Cuando cobró vida el Benelux (Bélgica, Países Bajos y Luxemburgo) en 1948 pregonando la unión aduanera, la génesis de la futura Comisión Europea, o más adelante, por el Tratado de Maastricht, en 1992, la consolidación de la Unión Europea, muchos aseguraron que el concepto “frontera” estaba en desaparición.

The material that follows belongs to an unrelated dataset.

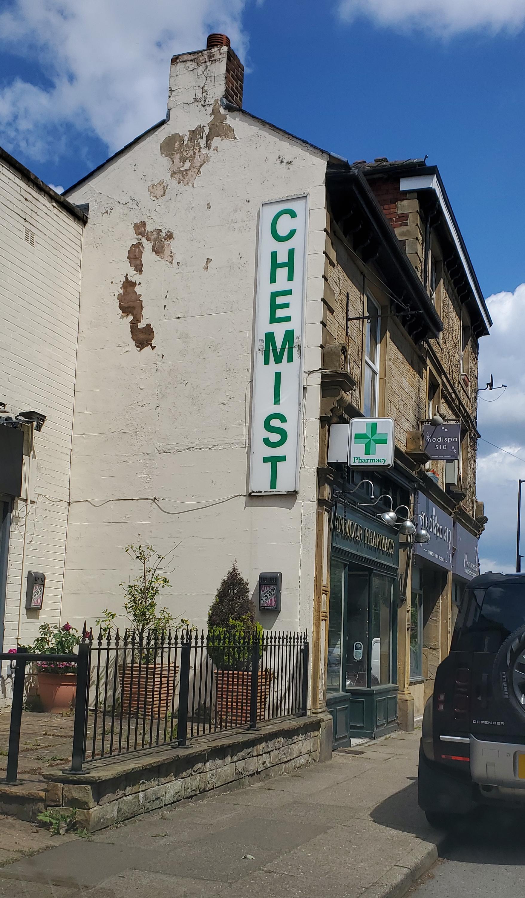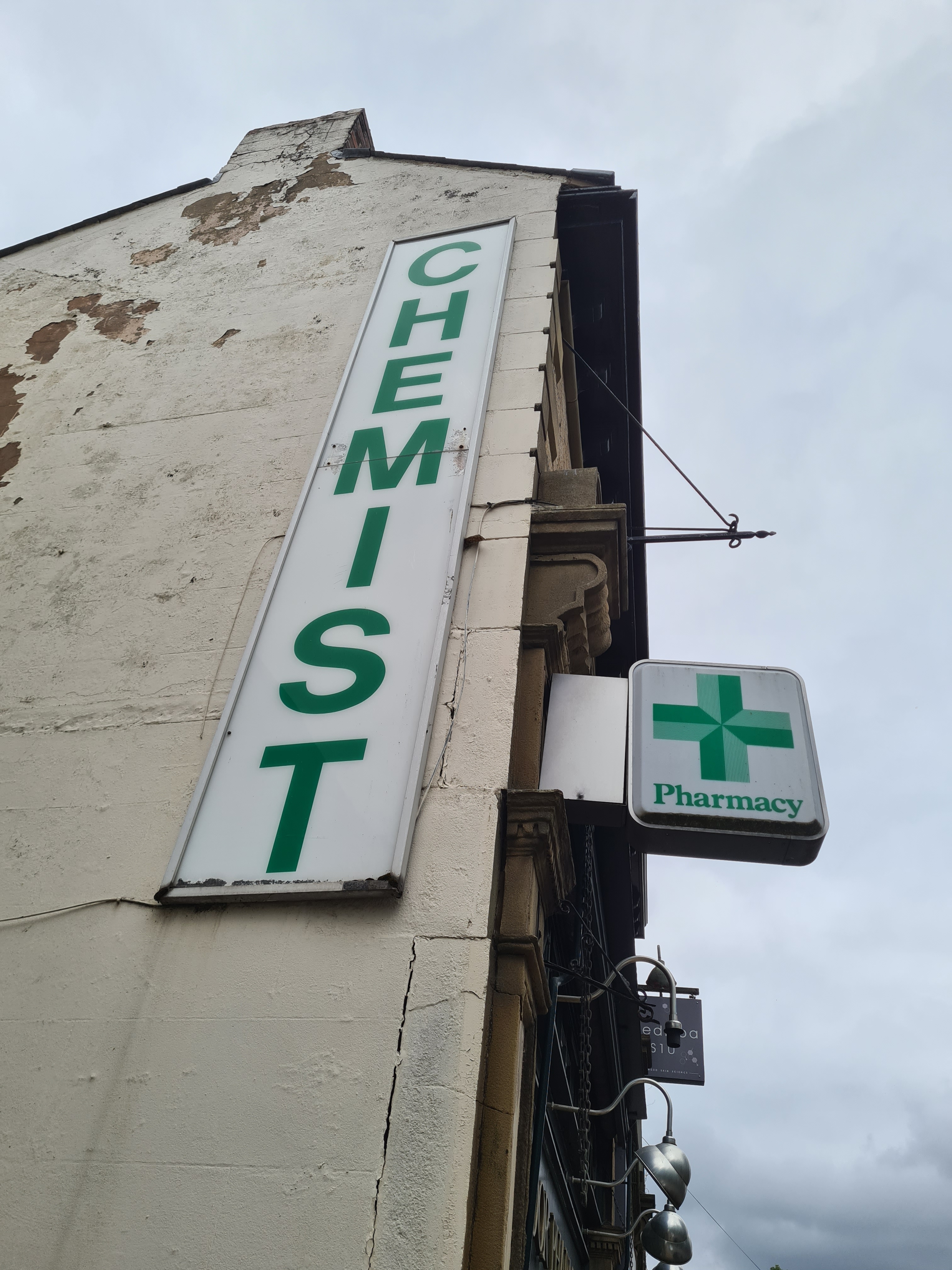 Not long after the alarm taking a sabbatical, driving up the road towards the pharmacy on a nice bright afternoon. Double take. There appears to be a man up a ladder painting the gable end of the pharmacy. Surely i’m mistaken? Nope. That is indeed a man up a ladder painting my wall… and where is my sign? The huge 10 foot chemist sign that has been heralding the pharmacy site at least since the 80s. Screech to a stop. Run up to said ladder man, “Excuse me, what are you doing?” “I’m painting the wall”. “Yes, I can see that. But who gave you permission to paint that wall?” “The owner.” “Well, that’s a bit difficult, because I’m the owner and I didn’t give you permission”. “Oh, I see. Well, I was told the owner had given permission.” “Well, I most certainly didn’t. So please can you stop what you are doing , climb down the ladder and get in touch with whoever gave you permission to paint my wall and tell them I don’t want it painting? And where’s my sign?” “Oh, that. I think that’s long gone”. Heart racing. Ladder man calls his boss who calls his boss who meets me on site. Apparently its all a big ‘misunderstanding’. He was renovating his business and thought our wall could do with an uplift and unfortunately my big vintage chemist sign was going to detract from his new signs underneath. A crushing example of one person’s treasure that is another man’s idea of rubbish.

Los miembros de la UE se vanagloriaban que las fronteras habían sido vencidas y que sostenerlas era obsoleto relievando como ejemplo de un Viejo Continente sin fronteras el exitoso proceso de integración económica de la Unión. Creyeron, entonces, que las fronteras y la soberanía de los Estados modernos eran cosas del pasado cual legado de la histórica Paz de Westfalia de 1648 que puso fin a la Guerra de los Treinta Años, y la verdad es que los últimos acontecimientos en Europa más bien están confirmando la importancia de las fronteras y el valor de la soberanía nacional. Me explico. Para nadie es un secreto que las últimas y grandes oleadas migratorias hacia Europa provenientes del violento y castigado Medio Oriente, particularmente de Siria, han alterado la vida europea haciendo reaccionar a sus autoridades de manera distinta a lo que les había enseñado Maastricht. Las fronteras libres lo han sido siempre para las facilidades de integración económica, nada más. El referido problema migratorio, que está haciendo colapsar a Grecia por estos días, ha llevado a que prácticamente todos los miembros de la UE cierren sus fronteras estatales restringiendo el ingreso de los que huyen de la barbarie.

Las decisiones son unilaterales, es decir, cada Estado está tomando duras provisiones de carácter soberano y decide por diversas causales el ingreso en su país.